ABOUT THIS TASK: A word-for-word copy is needed of the line containing "VSU20系列 四點(diǎn)接觸軸承 標(biāo)準(zhǔn)系列20,無(wú)嚙合齒輪,兩側(cè)唇式密封" and every line after it through the end of the records below, leaving out all pictures.

Records drawn from a dataset:
┌──

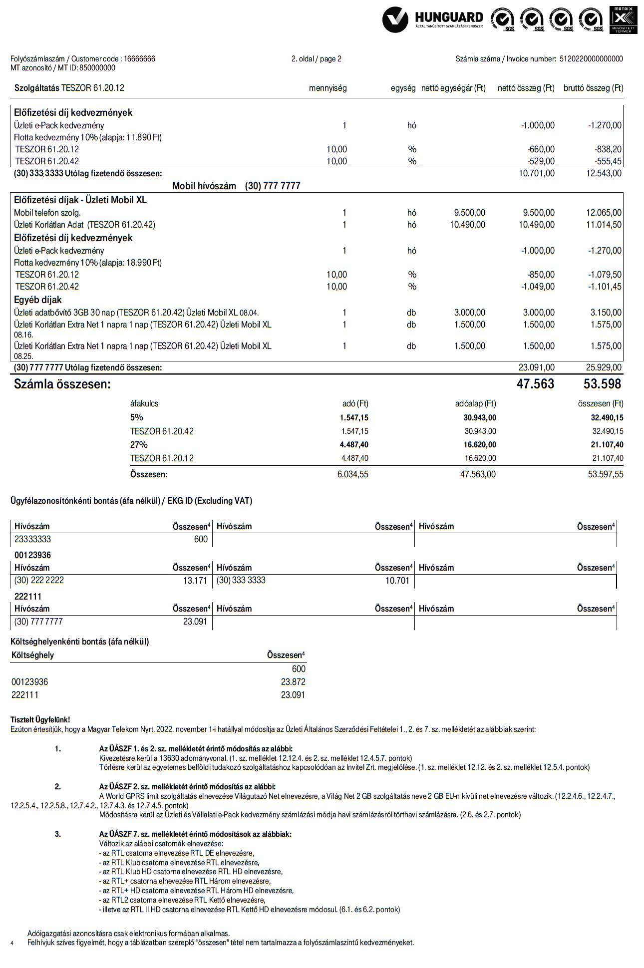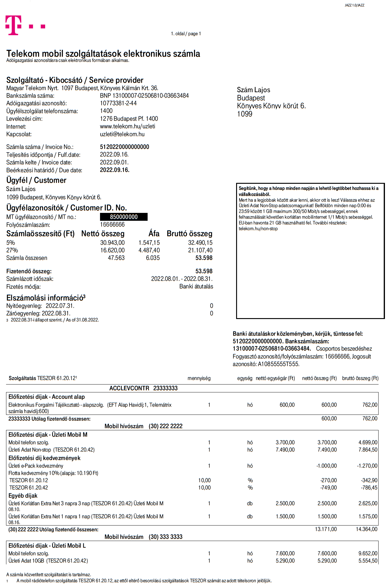 Az üzleti mobil szolgáltatások számlaképén való könnyebb eligazodás érdekében összeállítottunk egy ismertetőt a számlán szereplő legfontosabb adatokról. Figyelmedbe ajánljuk, hogy számládat már sorban állás nélkül, elektronikusan is befizetheted: csoportos beszedési megbízással vagy banki átutalással bankodból! Az illusztrációként szolgáló számlaképen az árak és a feltüntetett szolgáltatások tájékoztató jellegűek.
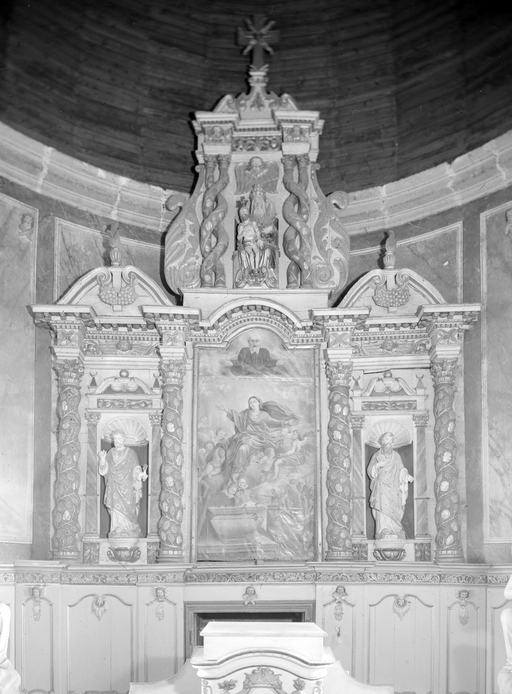 Vue d'ensemble du retable du choeur.Immatriculation
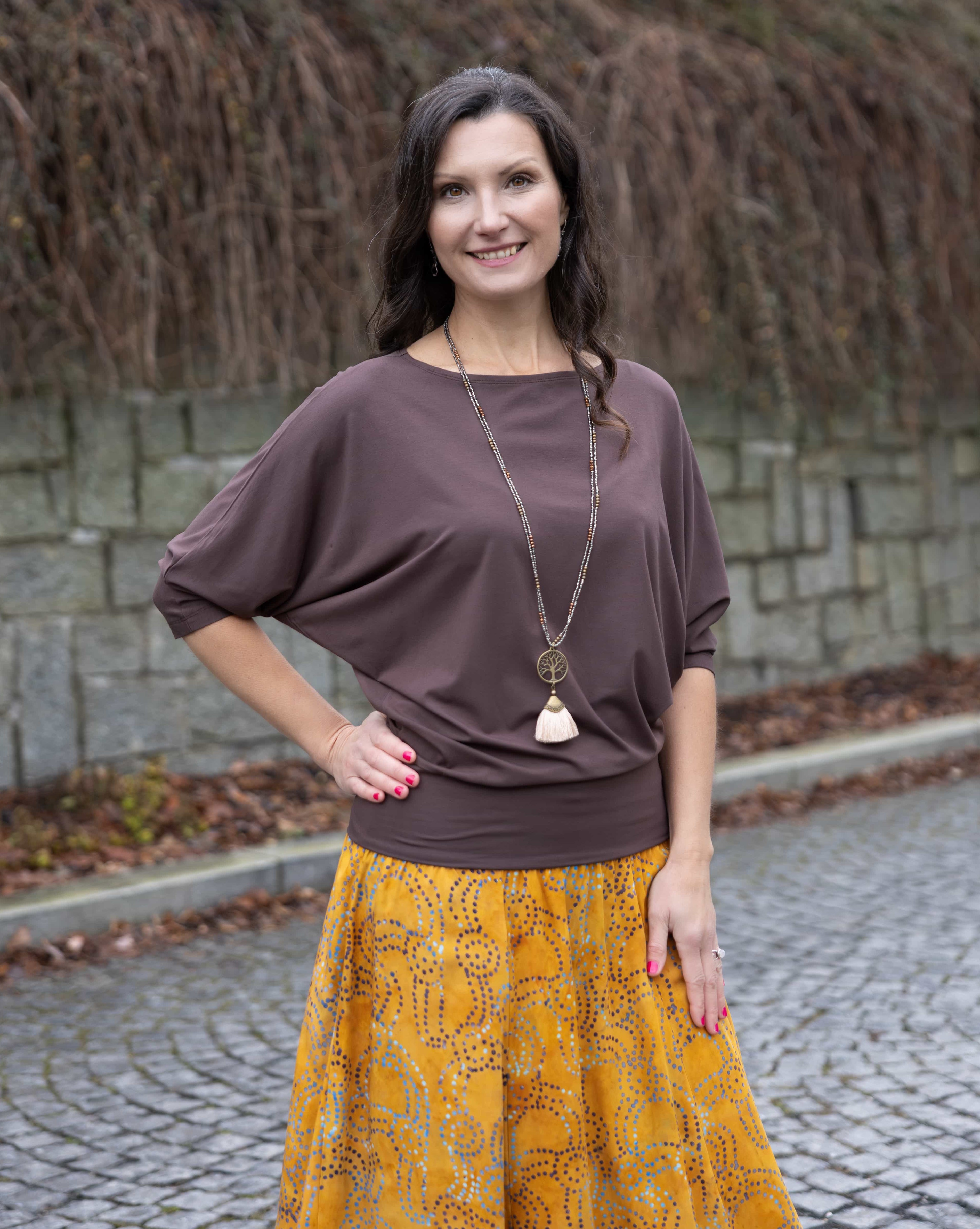Jestli nevíš, jaký top bys k ní nosila, podívej se na náš e-shop. Právě jsme naskladnily jednobarevná trika s ¾ rukávem – vyzkoušej k Mahiře třeba tmavě modré triko Keira v odstínu Navy nebo nový odstín Cocoa Brown.
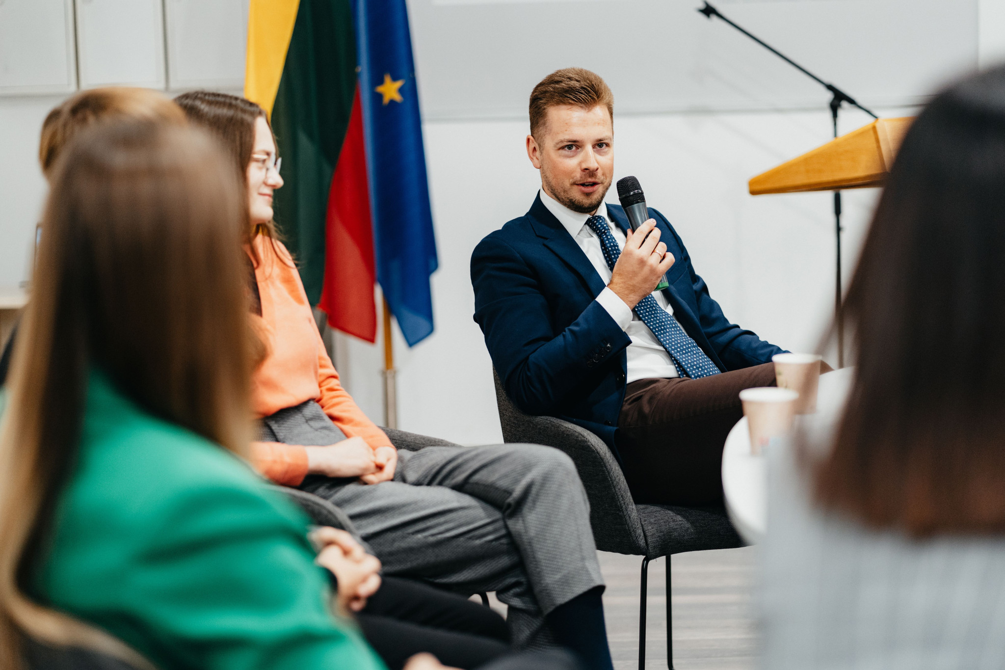 Spalio 3 d., Seimo lankytojų biure vyko Vytauto Didžiojo universiteto (VDU) Švietimo akademijos renginys „Kuriant ateitį: būsimųjų ir jaunųjų mokytojų bendrystė“. VDU Švietimo akademija subūrė savo studentus, dėstytojus, absolventus, partnerius į švietimo renginį, kur pasidalins savo patirtimi, įkvepiančiomis istorijomis apie pedagogo profesijos kasdienybę, bendrystę ir ateitį! Renginyje VDU Švietimo akademijos kanclerė prof. dr. Lina Kaminskienė pasveikino atvykusius Kauno rajono savivaldybės, Alytaus miesto savivaldybės Jaunojo pedagogo klubo mokinius. Renginyje dalyvavo edukacinio startuolio „BBright“ įkūrėjai Mykolas Kalmantavičius, Mantas Vičius, kurie papasakojo apie savo nestandartinį kelią į švietimo ateitį. Diskusijoje „Mokytojo diena iš arti: įprasta ir neįprasta kasdienybė“ – Vytauto Didžiojo gimnazijos istorijos mokytojas Tomas Vaitkūnas, „KD international school of Vilnius“ pradinių klasių mokytoja Fausta Bagdonaitė, VDU Švietimo akademijos Specialiosios pedagoginės pagalbos: logopedijos II kurso studentė Dovilė Plukaitė, Mokomojo dalyko pedagogikos: istorijos ir geografijos pedagogikos II kurso studentas, mokytojas Laimis Genevičius atskleidė, kas juos įkvėpė rinktis pedagogo kelią ir kokie yra švietimo iššūkiai. Diskusiją moderavo lrytas.lt verslo vystymo vadovė Greta Ališauskaitė-Bagušauskienė.
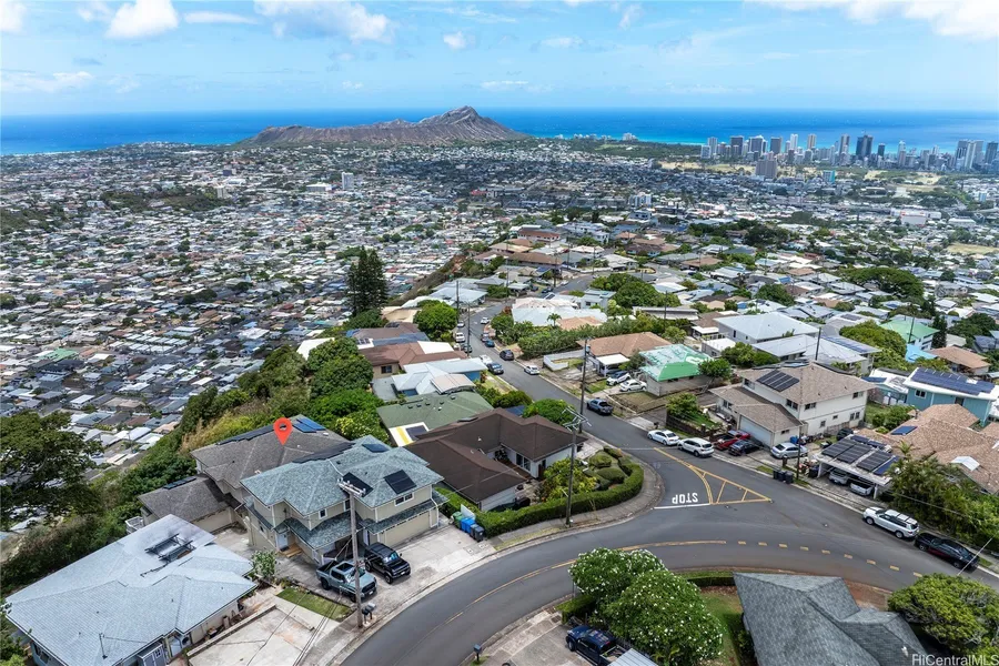Nestled on coveted St. Louis Drive, this expansive 5-bedroom home perfectly blends tranquility with modern comfort and showcases stunning views of lush valley greenery, iconic Diamond Head, and the sparkling ocean beyond. 24 owned photovoltaic panels, solar hot water, and split air conditioning keep the home energy-efficient and cool all year. The flexible layout offers an Ohana unit (bedroom/bath/kitchenette) on the main level with its own private garden, screened-in porch deck, and separate entrance - ideal for guests, extended family, or rental income potential. Upstairs, the primary suite is a true retreat with a separate office/den, spacious closet, and direct access to a large covered lanai for relaxing or entertaining while taking in the panoramic east /south views. A cozy bonus living area off the stairway landing is perfect for a reading nook or home library. The finished baseme...
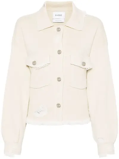 light beige cotton-cashmere blend fringed edge straight-point collar front button fastening drop shoulder long sleeves buttoned cuffs two chest flap pockets
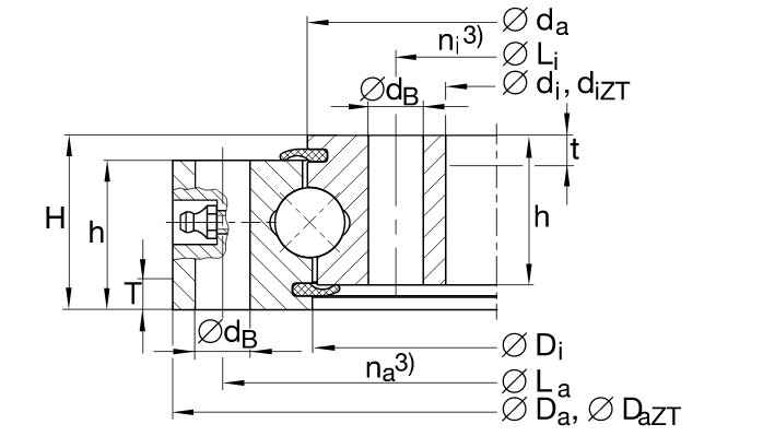 VSU20系列 四點(diǎn)接觸軸承 標(biāo)準(zhǔn)系列20,無(wú)嚙合齒輪,兩側(cè)唇式密封
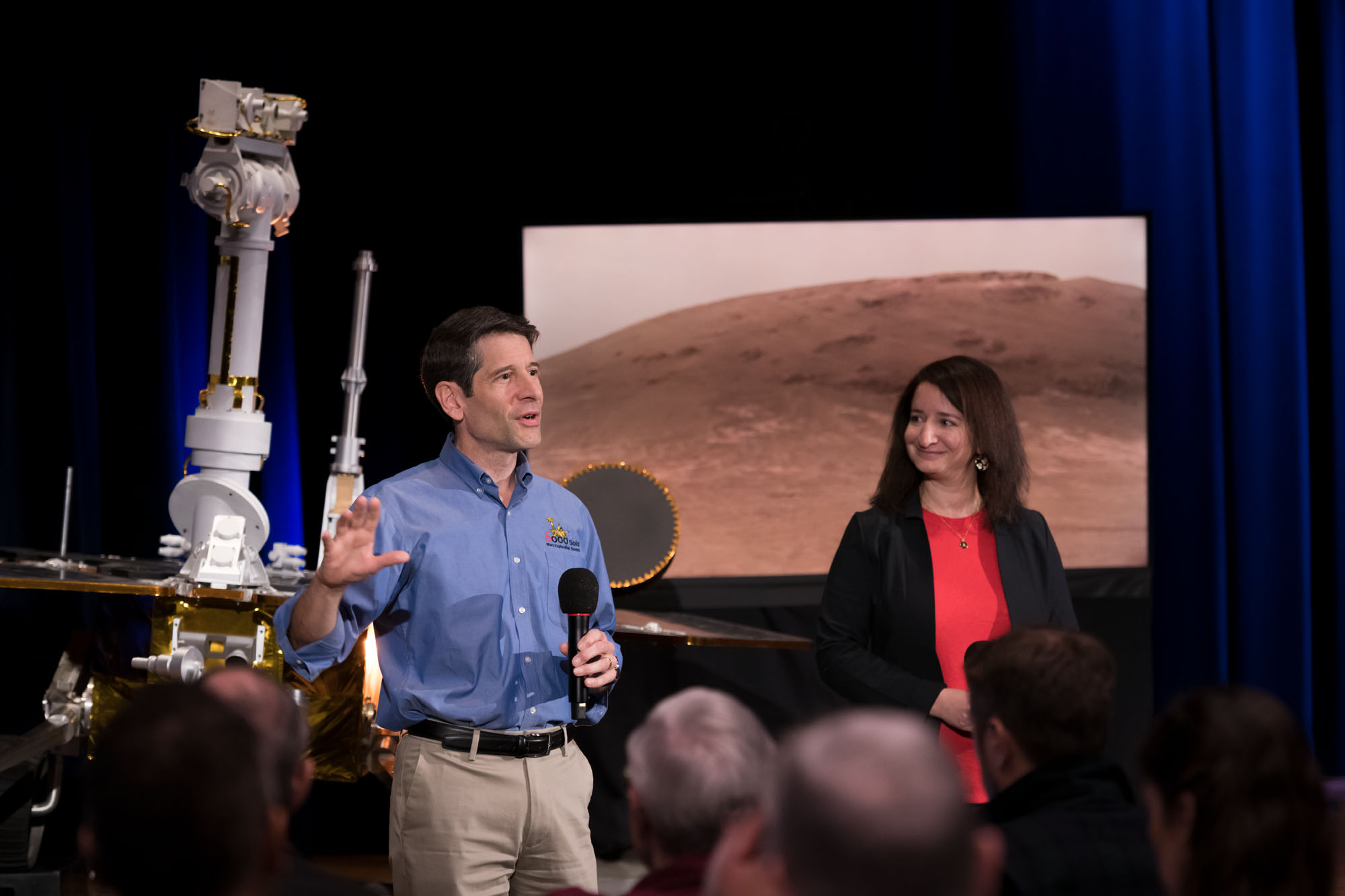 With a model of NASA's Opportunity rover behind him, John Callas, project manager of the Spirit and Opportunity Mars rovers, speaks about the rovers' achievements at the agency's Jet Propulsion Laboratory in Pasadena, California. Deputy Project Scientist Abigail Fraeman (right) looks on.

└──

YOUR RESPONSE:
 VSU20系列 四點(diǎn)接觸軸承 標(biāo)準(zhǔn)系列20,無(wú)嚙合齒輪,兩側(cè)唇式密封
 With a model of NASA's Opportunity rover behind him, John Callas, project manager of the Spirit and Opportunity Mars rovers, speaks about the rovers' achievements at the agency's Jet Propulsion Laboratory in Pasadena, California. Deputy Project Scientist Abigail Fraeman (right) looks on.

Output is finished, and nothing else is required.